Baghdad has some demands from Erbil: Erbil should to cancel its Oil and Gas Law of 2007, according to which it signed contracts with international oil companies. Secondly, the federal Iraqi oil ministry should be granted the right to supervise and review any oil exploration and production contract signed by the KRG with a third party. Thirdly, the oil ministry and the High Federal Supervision Council should have the right to review and revise Kurdistan oil contracts. Fourthly, Erbil should deliver all of the oil it produces from its oilfields to the federal government.
While the Kurdish officials cling to the articles 112 and 115 of the Iraqi constitution— which give mandates not held by the federal government to the Kurdish region—, Baghdad and SOMO refer to the article 111 which says oil and gas are property of all Iraqi people in all regions and provinces.

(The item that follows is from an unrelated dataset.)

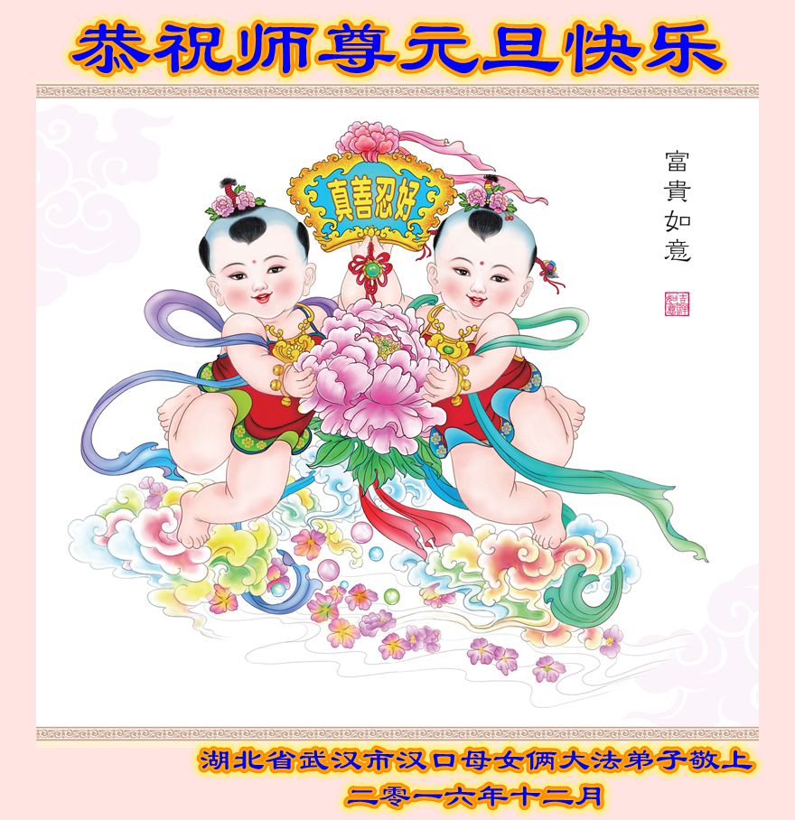 湖北省武汉市汉口母女俩大法弟子恭祝师尊元旦快乐!

Following the court's decision on February 26, Iraq's Oil Minister Ihsan Abdul Jabbar Ismail ordered the formation of a committee to implement the ruling. Then on March 24, the oil minister ordered the KRG to send copies of all oil and gas contracts it has signed since 2004 to Baghdad for review.
On June 12, the Deputy Oil Minister Karim Hatab contacted all foreign companies active in the Iraqi energy operations and called for their commitment not to operate in the Kurdish region.
"Concerning the contracts and projects existing in Kurdistan region, the companies should be committed to canceling them within three months from the issuing of this order," said a statement published by Hatab.
Additionally, a commercial tribunal within the Iraqi Court of Appeal, earlier this month commenced review of suits filed by the oil ministry against seven foreign companies active in Kurdistan oil and gas sectors.
Western Zakros, Sharman, DNO, Genel Energy, HKN, AWACS and Golf Keystone were the companies summoned for allegedly operating in the country outside the framework of the Iraqi constitution.
This situation comes as Iraq has been grappling with a political crisis over government formation for months and therefore oil case would be present on the negotiating table of the political forces seeking alliance with the Kurds. Additionally, both the Iraqi government and the KRG are concerned about complaints by foreign energy companies to the international courts and calls for major compensations and this propels the tendency to settle the cases on the negotiating table— something showing that Kurdistan gas has a long way to go before reaching the international markets.